La manera más cómoda de participar en política desde el sillón de la sala es a través del WhatsApp. Sin duda una de las formas más pasivas de la actividad social que ha dejado a parte de la clase media sin muchas ganas de salir a la calle, porque considera que con enviar un meme su posición está definida y su postura política precisada.
La costumbre de tener todo con sólo oprimir un botón lleva a jugar a la participación política a adultos poco informados y peor capacitados académicamente. Todas las consignas de la disidencia por celular son anónimas, nadie firma, nadie muestra metodología, nadie se atreve a dar nombres de quienes lo elaboran de tal manera que en resumidas cuentas esos mensajes y anda es lo mismo, pero es la púnica manera de algunos de sentirse informados, es decir, mejor informados que la mayoría con anónimos que no tienen origen pero su destino está muy bien definido.

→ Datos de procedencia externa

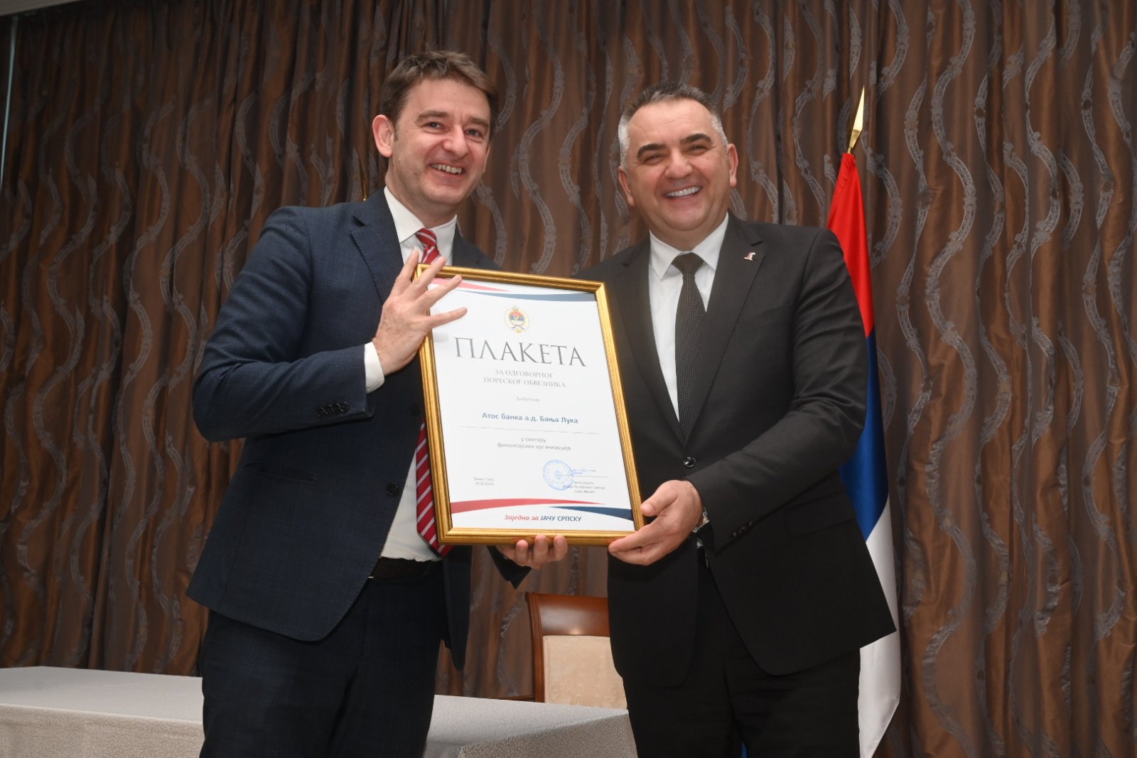 U okviru događaja, upriličeno je i uručenje priznanja odgovornim poreskim obveznicima, čime su istaknute institucije i kompanije koje svojim odgovornim poslovanjem doprinose stabilnosti i razvoju Republike Srpske. Tom prilikom, priznanje je uručeno i ATOS Banci, kao potvrda dosljednog i odgovornog pristupa Banke poreskim obavezama i zakonitom poslovanju.
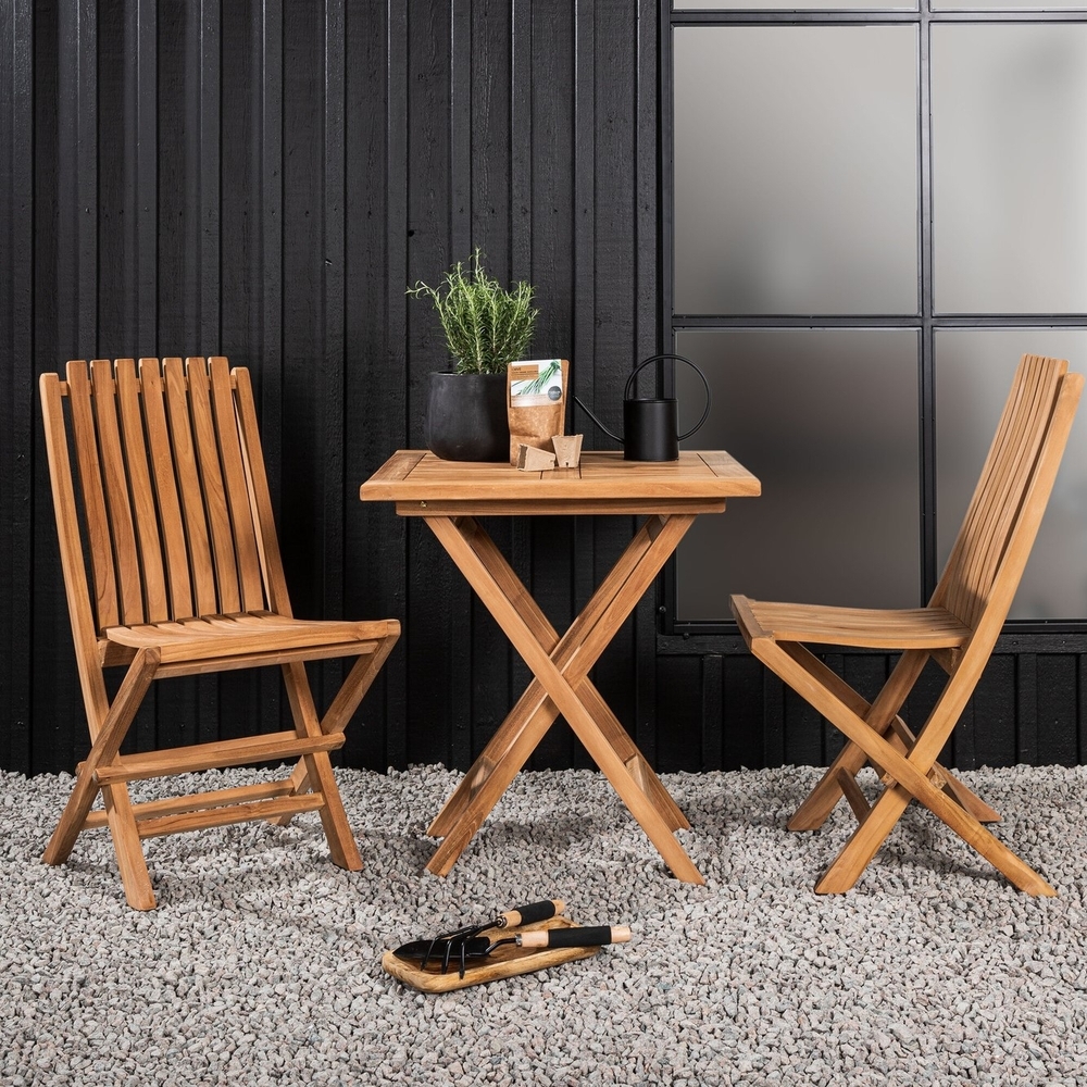 En läckert matchande cafégrupp i modern design och lyxig look! Kenya cafébord är det perfekta bordet i vacker teak som passar utmärkt för sommarens alla utefrukostar och eftermiddagsfikor. Med sitt klassiska utförande och smidiga design är bordet enkelt att matcha och smidigt att flytta runt. Mått: 70x70 cm. Här tillsammans med trendsäkra matstolar från serien Ghana i matchande teak. Stolarna är hopfällbara och har en inbjudande design - njut av fikan utomhus i sommar!

El hecho de informarse cómodamente dentro de la comodidad que bien puede convertirse en prisión, habla de una postura no confortable sino temerosa. El mensaje e invasivo, porque llega directamente, sin escalas ni permiso a la vista de alguien. Ya en ese momento se trata de un acto intrusivo y, por lo tanto, agresivo, perturbador, intimidante. Un atentado a la privacidad que no siempre suele ser agradable ni forzosamente causa risa.
En los mensajes de la disidencia de celular se toma por asalto la credibilidad de quien lo envía y abusa de la confianza de quien lo recibe. En un juego de poder que marca la superioridad de quien lo manda como ser superior ante la ventaja social y política de estar mejor informado, como parte esencial de la superioridad.

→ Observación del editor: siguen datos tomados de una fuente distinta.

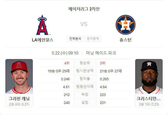 5월 22일 MLB LA 에인절스 VS 휴스턴 애스트로스 타카짱의 경기 예측 분석
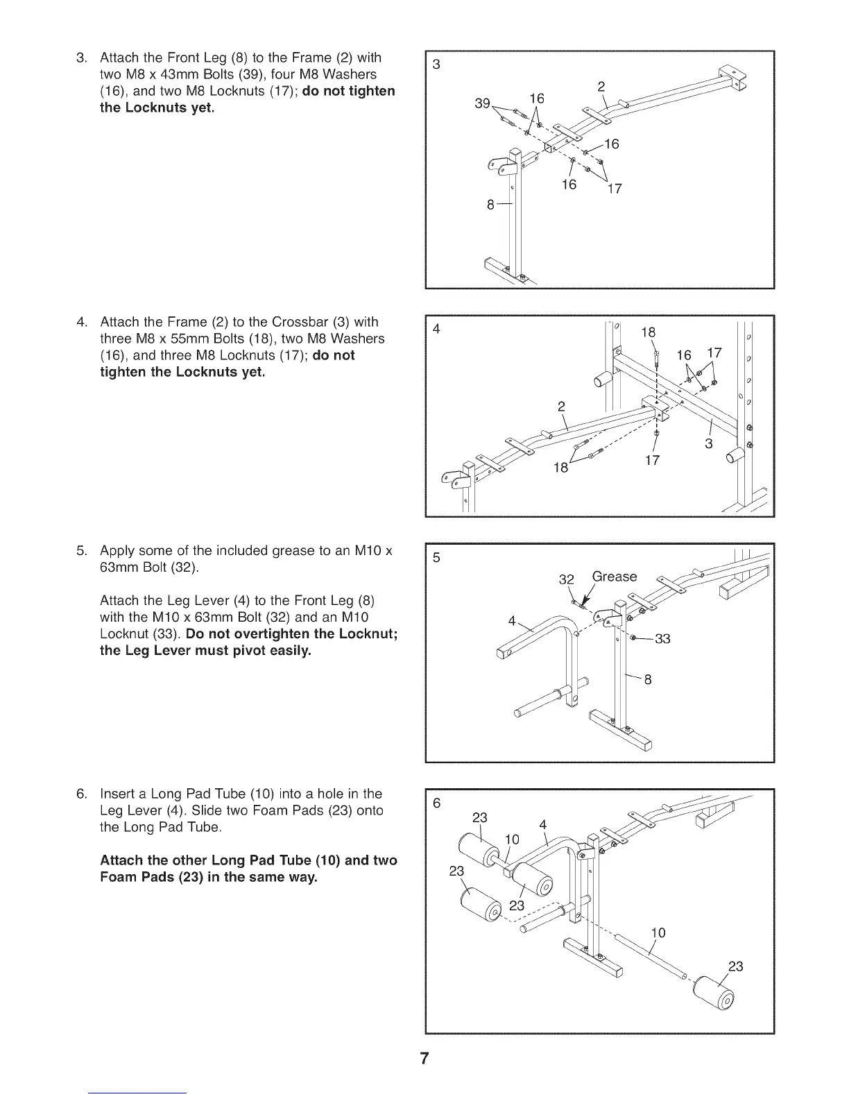 Leg Lever (4). Slide two Foam Pads (23) onto
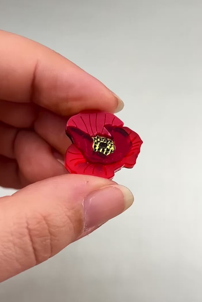 Dodejte svému outfitu nádech elegance s pinem s červeným květem vlčího máku. Ručně vyrobený, zářivý a všestranný - ideální pro milovníky přírody a módní nadšence!
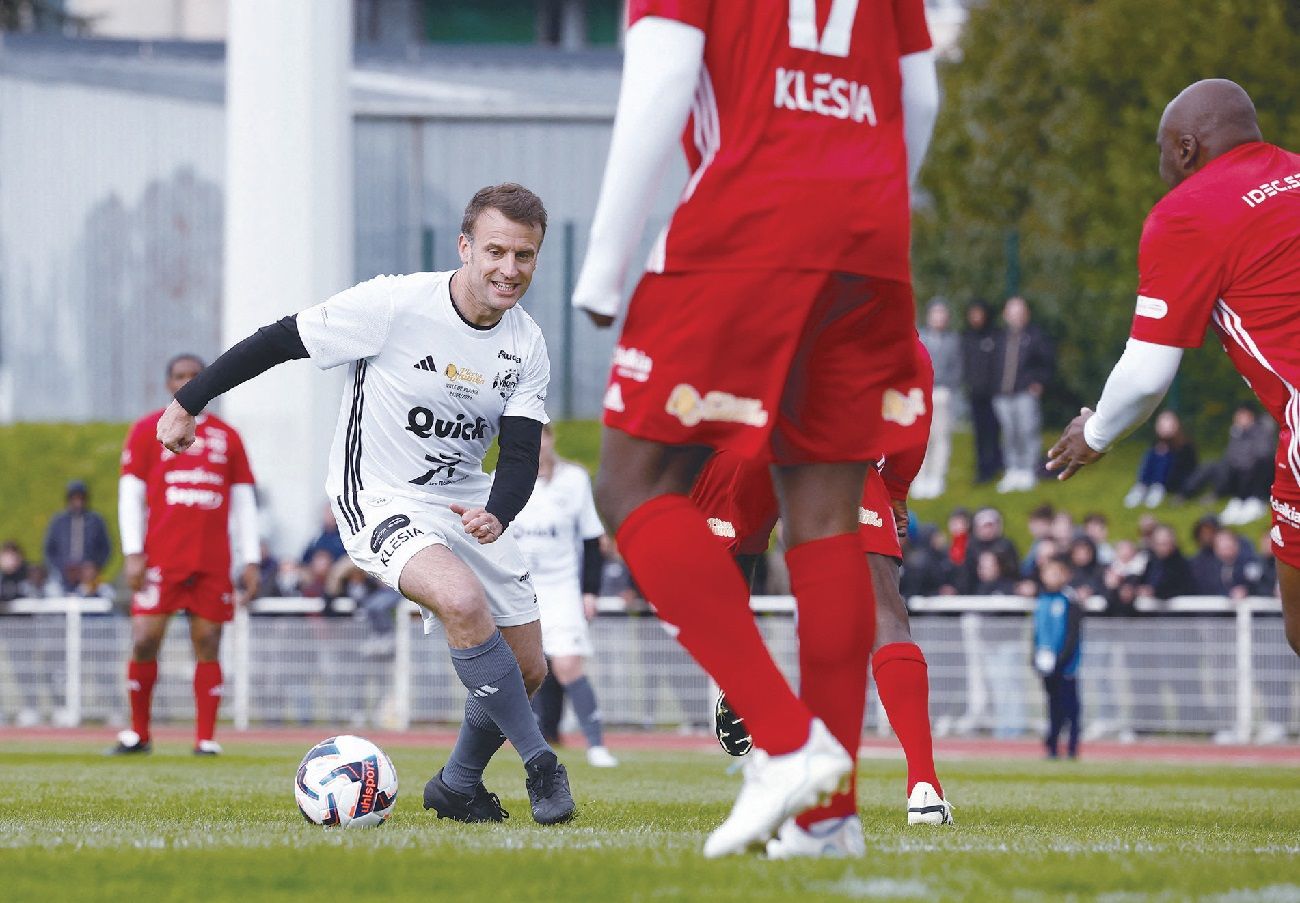 马克龙身穿3号白色球衣,率领“总统队”球员:法国足球运动员布兰科(Laurent Blanc)、法国国家男子足球队主教练德尚(Didier Deschamps)、前法国足坛巨星皮雷斯(Robert Pirès)以及德塞利(Marcel Desailly)上场踢球。
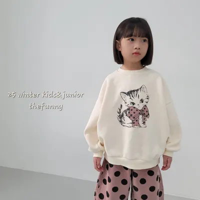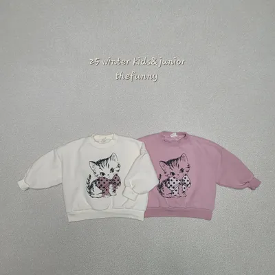 正韓可愛小貓微領刷毛T(85-140cm預購)
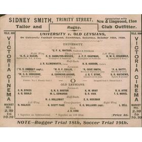 Printed on card showing the players and positions for the match between Oxford University and Old Merchant Taylors in Oxford on October 18 1919. Measures 14 x 9cm. Printed on one side only. Fine

La disidencia de WhatsApp no es un intercambio amable de información, con más imaginación que evidencias, se trata de una práctica llena de miedo. El sólo hecho de pensar que se está equivocado, producto de una inconsciente noción de ignorancia profunda, le impulsa a limitar su participación social a un par de botones. Es una lucha social aislada, que se anula a sí misma, pro llena de miedo, de inseguridad de definición y de valentía.
Cuando se intercambia “información” por el celular se evade la participación, si hay mentira o desvío de la realidad no es su responsabilidad sino de quien lo creó, pero si gusta el mensaje agrada a la persona o la agrede según el caso. Es decir, es una agresión o el inicio de una coincidencia, al fin y al cabo, es la necesidad de ser tomado en cuenta.

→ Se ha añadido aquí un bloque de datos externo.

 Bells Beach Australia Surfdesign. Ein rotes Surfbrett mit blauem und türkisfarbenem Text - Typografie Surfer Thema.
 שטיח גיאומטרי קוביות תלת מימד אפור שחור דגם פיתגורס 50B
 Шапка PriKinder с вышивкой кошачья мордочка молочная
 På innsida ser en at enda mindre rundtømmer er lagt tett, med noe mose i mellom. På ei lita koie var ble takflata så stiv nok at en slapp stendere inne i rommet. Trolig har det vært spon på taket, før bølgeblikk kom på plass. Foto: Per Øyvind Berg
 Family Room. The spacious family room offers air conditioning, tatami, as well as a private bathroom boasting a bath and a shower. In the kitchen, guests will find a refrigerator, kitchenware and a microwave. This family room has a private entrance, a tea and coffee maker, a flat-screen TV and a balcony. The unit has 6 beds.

Mantener un constante intercambio de mensajes políticos anónimos resulta una enorme irresponsabilidad social, que denota inmadurez como ser humano, así como lo es la indefinición personal. Una falta de precisión de la personalidad, porque quien envía se convierte en ariete violento que termina siendo un autoengaño.
El anonimato es la manera más cobarde de la acción política y social, se encuentra en cada mensaje que el teléfono envía como si se tratara de dar un puñetazo en el rostro de quien no piensa como nosotros. Ese tipo de mensaje denota la incapacidad de mantener un debate real, una discusión de altura, una exposición de motivos basados en el conocimiento y la información, simplemente porque no hay detrás ni información ni preparación.
Hacemos comunicación al servicio de la Nación y si así no lo hiciéramos, que el chat nos lo demande.